$$ \begin{pmatrix} 1 & 2 & 3 & 4\\ 5 & 6 & 7 & 8\\ 9 & 10 & 11 & 12\\ 13 & 14 & 15 & 16\\ \end{pmatrix} $$
I am asked to find the kernel of the matrix $M$. After doing some row operation I get to $$ \begin{pmatrix} 1 & 2 & 3 & 4\\ 0 & -4 & -8 & -12\\ 0 & 0 & 0 & 0\\ 0 & 0 & 0 & 0\\ \end{pmatrix} $$
and for $x$ I find $x = \alpha + 2\beta$, whereas $y = -2\alpha -3\beta$ Therefore, $$ \begin{pmatrix} \alpha + 2\beta\\ -2\alpha - 3\beta\\ \alpha\\ \beta\\ \end{pmatrix} $$
When we take outside alpha and beta: we get two vectors: $$ \begin{pmatrix} 1\\ -2\\ 1\\ 0\\ \end{pmatrix} $$ and $$ \begin{pmatrix} 2\\ -3\\ 0\\ 1\\ \end{pmatrix} $$ which are linearly independent and form a basis of this $ker(M)$ Could you please confirm with me whether you get the same result? Thank you.
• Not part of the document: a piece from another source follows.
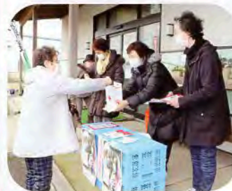
▲「JA物産所百彩館」にて

日本赤十字社では、12月1日から12月25日まで全国的に「NHK海外たすけあい」キャンペーンを実施しました。秋田県支部では「全県一斉街頭募金活動」を実施することとなり、にかほ市でも赤十字奉仕団員が街頭に立ち募金を呼びかけました。NHK海外たすけあいは、NHKと日本赤十字社が共同で行っており、集まった募金は突発的な災害や紛争等で苦しむ人々を救うために活用されています。昨年はコロナの影響で実施できませんでしたが今年は感染が落ち着いてきたため、実施する運びとなりました。短時間ではありましたが、多くの方々よりご協力いただき、どうもありがとうございました。

Yes it is correct, in case of doubt you can check it directly by simple multiplication for RREF matrix
$$\begin{bmatrix} 1 & 2 & 3 & 4\\ 0 & -4 & -8 & -12\\ 0 & 0 & 0 & 0\\ 0 & 0 & 0 & 0\\ \end{bmatrix}\begin{bmatrix} 1\\ -2\\ 1\\ 0\\ \end{bmatrix}=0$$
$$\begin{bmatrix} 1 & 2 & 3 & 4\\ 0 & -4 & -8 & -12\\ 0 & 0 & 0 & 0\\ 0 & 0 & 0 & 0\\ \end{bmatrix}\begin{bmatrix} 2\\ -3\\ 0\\ 1\\ \end{bmatrix} =0 $$
or/and also for the original matrix
$$\begin{bmatrix} 1 & 2 & 3 & 4\\ 5 & 6 & 7 & 8\\ 9 & 10 & 11 & 12\\ 13 & 14 & 15 & 16\\ \end{bmatrix} \begin{bmatrix} 1\\ -2\\ 1\\ 0\\ \end{bmatrix}=0$$
$$\begin{bmatrix} 1 & 2 & 3 & 4\\ 5 & 6 & 7 & 8\\ 9 & 10 & 11 & 12\\ 13 & 14 & 15 & 16\\ \end{bmatrix} \begin{bmatrix} 2\\ -3\\ 0\\ 1\\ \end{bmatrix} =0 $$
Note that also after this check, for the correctness of the result it is crucial that RREF is calculated properly. In case of doubt on it we can evaluate $rank(M)$ with others methods or follow the nice suggestion give by Atmos to be sure that $dim(Ker M)=2$ and thus that what we have found is a basis for $Ker(M)$.